Prompt: Among the lines below, the one containing "我州最具特色的燃燈節(jié" opens the range and the one containing "Shot against a" closes it. Print that range exactly, without the pictures.

=== Working data ===

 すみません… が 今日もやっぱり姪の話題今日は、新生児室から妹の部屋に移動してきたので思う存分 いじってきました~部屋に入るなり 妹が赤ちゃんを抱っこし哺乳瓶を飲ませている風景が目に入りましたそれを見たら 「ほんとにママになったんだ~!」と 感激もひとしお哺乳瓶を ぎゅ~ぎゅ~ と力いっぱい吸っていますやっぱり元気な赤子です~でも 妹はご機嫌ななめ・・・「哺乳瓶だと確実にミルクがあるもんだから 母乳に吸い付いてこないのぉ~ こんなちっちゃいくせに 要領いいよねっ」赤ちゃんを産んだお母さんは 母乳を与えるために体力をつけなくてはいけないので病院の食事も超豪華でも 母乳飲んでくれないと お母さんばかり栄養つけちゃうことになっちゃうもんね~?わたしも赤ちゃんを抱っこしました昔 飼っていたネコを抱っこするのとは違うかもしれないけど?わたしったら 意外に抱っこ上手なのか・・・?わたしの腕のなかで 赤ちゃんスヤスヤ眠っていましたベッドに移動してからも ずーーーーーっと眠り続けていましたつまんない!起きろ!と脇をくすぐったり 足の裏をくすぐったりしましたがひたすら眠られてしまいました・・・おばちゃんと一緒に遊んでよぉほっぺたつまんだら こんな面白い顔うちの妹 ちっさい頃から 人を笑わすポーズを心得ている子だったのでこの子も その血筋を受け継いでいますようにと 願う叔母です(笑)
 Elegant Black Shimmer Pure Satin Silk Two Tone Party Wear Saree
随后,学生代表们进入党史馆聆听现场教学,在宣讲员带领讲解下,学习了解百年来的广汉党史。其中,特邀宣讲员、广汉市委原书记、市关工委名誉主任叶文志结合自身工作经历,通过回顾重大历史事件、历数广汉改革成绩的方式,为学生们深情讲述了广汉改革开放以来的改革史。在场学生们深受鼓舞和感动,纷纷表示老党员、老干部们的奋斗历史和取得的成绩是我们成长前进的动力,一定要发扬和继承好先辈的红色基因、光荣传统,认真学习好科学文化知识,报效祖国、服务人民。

===
=== Working data ===

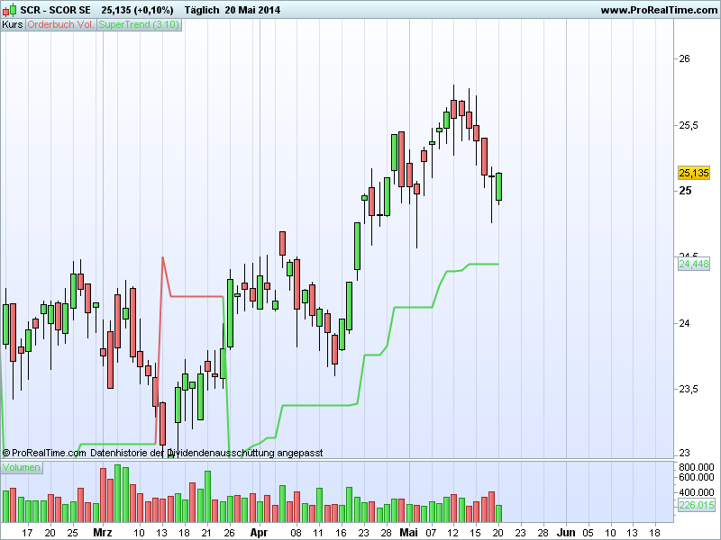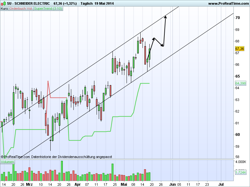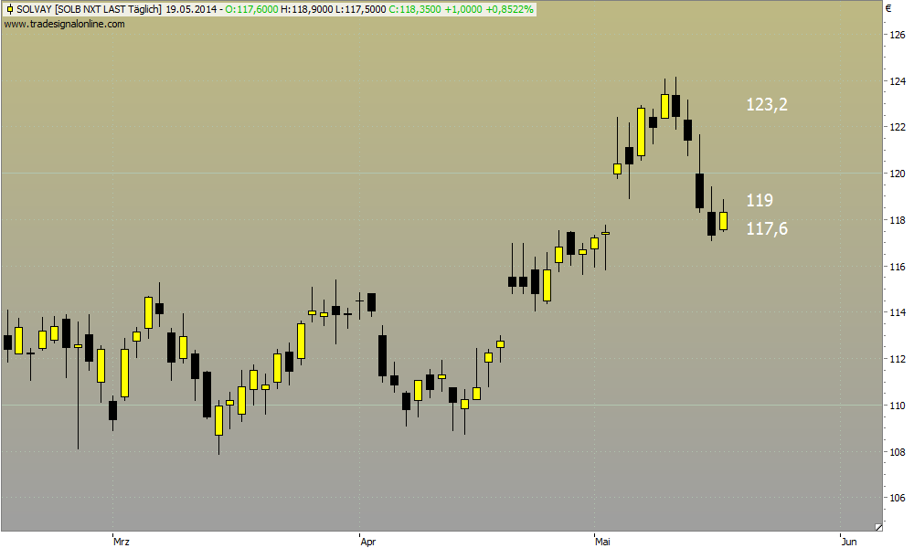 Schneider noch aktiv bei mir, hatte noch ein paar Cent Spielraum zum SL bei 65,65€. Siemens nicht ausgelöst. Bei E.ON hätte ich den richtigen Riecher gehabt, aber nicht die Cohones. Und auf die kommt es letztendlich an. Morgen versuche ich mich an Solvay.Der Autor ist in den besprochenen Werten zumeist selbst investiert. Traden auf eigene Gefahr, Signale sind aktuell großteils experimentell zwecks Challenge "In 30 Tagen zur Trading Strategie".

===
=== Working data ===

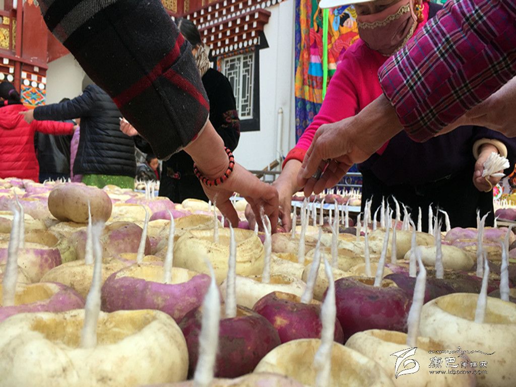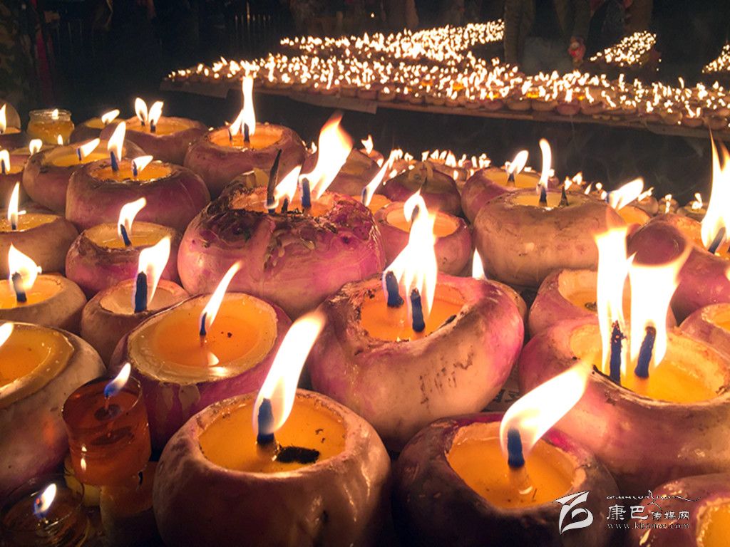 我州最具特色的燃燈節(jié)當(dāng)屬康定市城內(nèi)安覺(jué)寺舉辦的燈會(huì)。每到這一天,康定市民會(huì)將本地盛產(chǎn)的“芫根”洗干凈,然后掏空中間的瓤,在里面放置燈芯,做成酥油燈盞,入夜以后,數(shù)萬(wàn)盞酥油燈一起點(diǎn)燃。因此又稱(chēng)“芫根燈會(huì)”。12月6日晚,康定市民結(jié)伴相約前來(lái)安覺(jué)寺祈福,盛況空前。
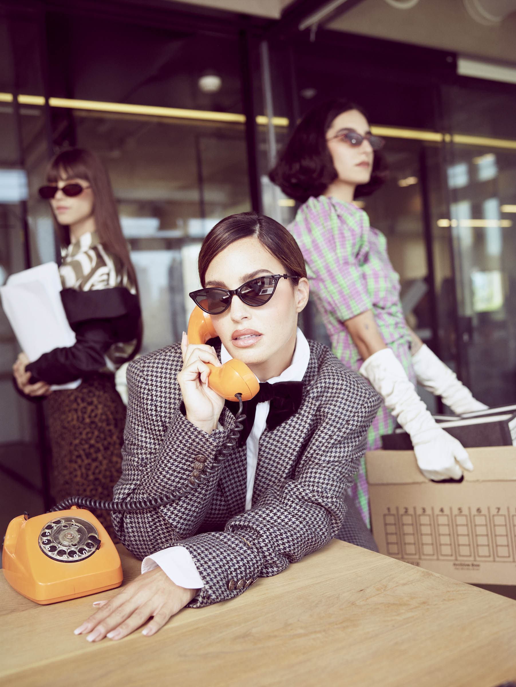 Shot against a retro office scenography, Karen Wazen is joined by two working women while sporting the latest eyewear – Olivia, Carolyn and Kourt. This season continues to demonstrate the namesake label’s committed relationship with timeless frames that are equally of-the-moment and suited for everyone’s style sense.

===

Worked solution:
 我州最具特色的燃燈節(jié)當(dāng)屬康定市城內(nèi)安覺(jué)寺舉辦的燈會(huì)。每到這一天,康定市民會(huì)將本地盛產(chǎn)的“芫根”洗干凈,然后掏空中間的瓤,在里面放置燈芯,做成酥油燈盞,入夜以后,數(shù)萬(wàn)盞酥油燈一起點(diǎn)燃。因此又稱(chēng)“芫根燈會(huì)”。12月6日晚,康定市民結(jié)伴相約前來(lái)安覺(jué)寺祈福,盛況空前。
 Shot against a retro office scenography, Karen Wazen is joined by two working women while sporting the latest eyewear – Olivia, Carolyn and Kourt. This season continues to demonstrate the namesake label’s committed relationship with timeless frames that are equally of-the-moment and suited for everyone’s style sense.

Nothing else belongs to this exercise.